There are several factors that lead to the current and extremely dangerous financial and economic crisis,
foremost amongst which is the way financial derivatives are dealt with and accounted for under international
standards, especially International Accounting Standard No.(39), in addition to other factors that either
complemented or were a natural extension of the aforementioned standards such as lack of oversight and
poor transparency. The role other factors played in the financial crisis cannot be overlooked, however they
were relatively smaller.

This crisis might be curbed but the question remains how will it end and what are the consequences? More
importantly, will it happen again?

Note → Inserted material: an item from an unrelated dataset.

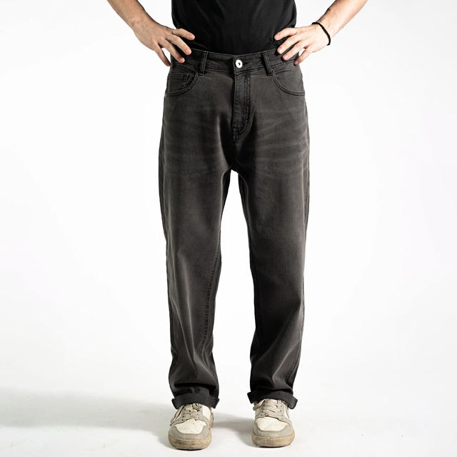 Men's Casual Relaxed Straight Leg Breathable Durable Stretch Denim Jeans Mid Rise Waist OEM Private Label Medium Wash
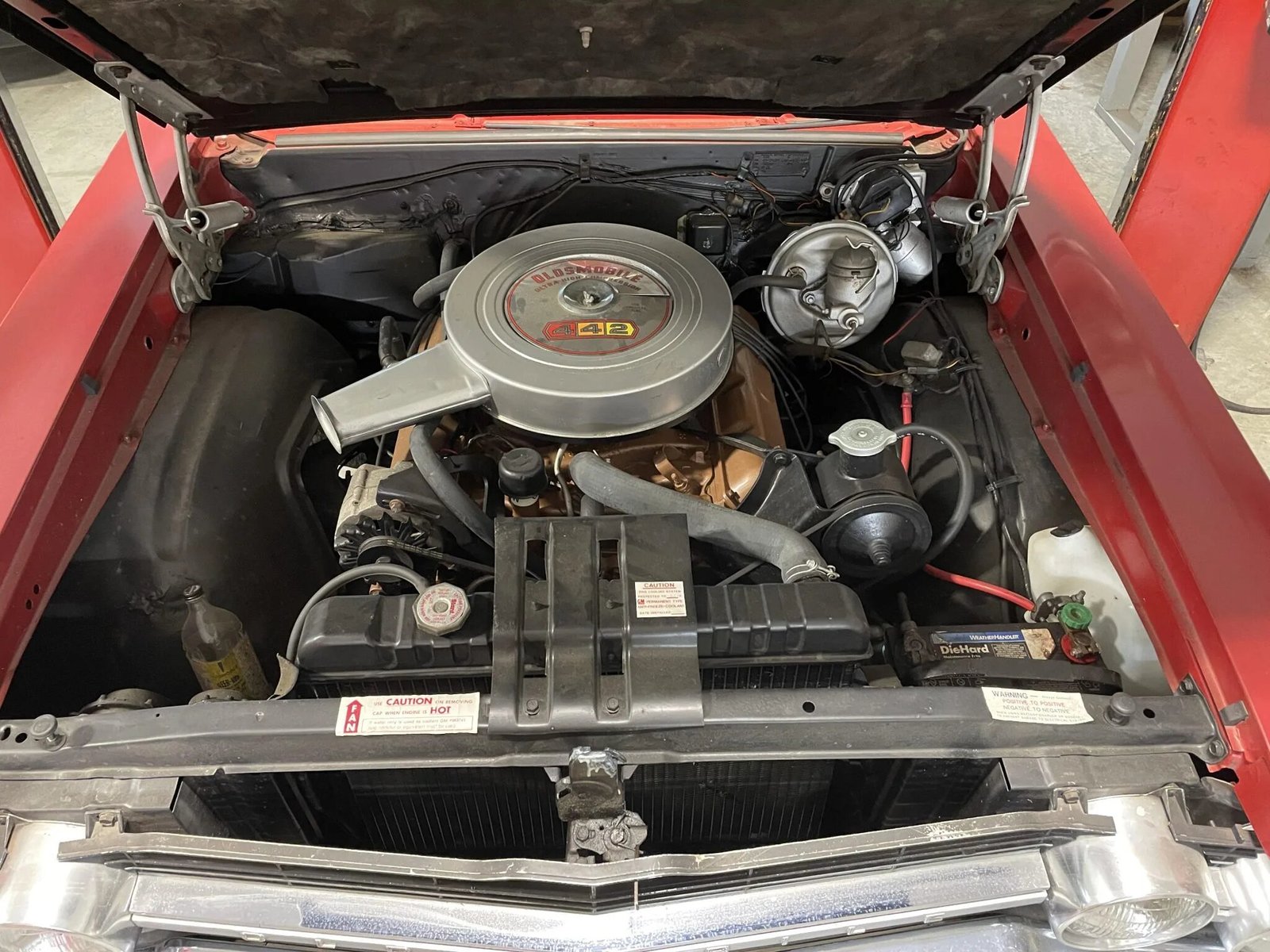 The 400ci V8 breathes through a four-barrel carburetor and features a 442-branded air cleaner cover.

Is the pursuit of a stable financial system as announced by the leaders of
the European Union during their summit with emerging economies in LAquila, Italy on 08/07/2009 a fact?
Or simply claims and cosmetic remedies in order to show harmony as is often the case when some standards
are modified to counteract the symptoms of a problem but not to actually fix the underlying issue.
Continuing a trend that ignores values, commonalities and accepted professional ethics will have a lot of
repercussions and lead to collapse; as such the alleged unification of systems will be nothing more than a
ploy meant to conceal deliberate policies that use accounting and its standards as a means to further exploit
and manipulate the wealth of nations besides complicating accounting practices and its concomitant burden
and costs (Naser Nour 2013).

Figure H62. A derivative asset waiting to be cashed

It is only a matter of time when the derivatives in the market will be called in and converted to some other
form of wealth. When this happens, the global economy will be in truly deeper trouble usual.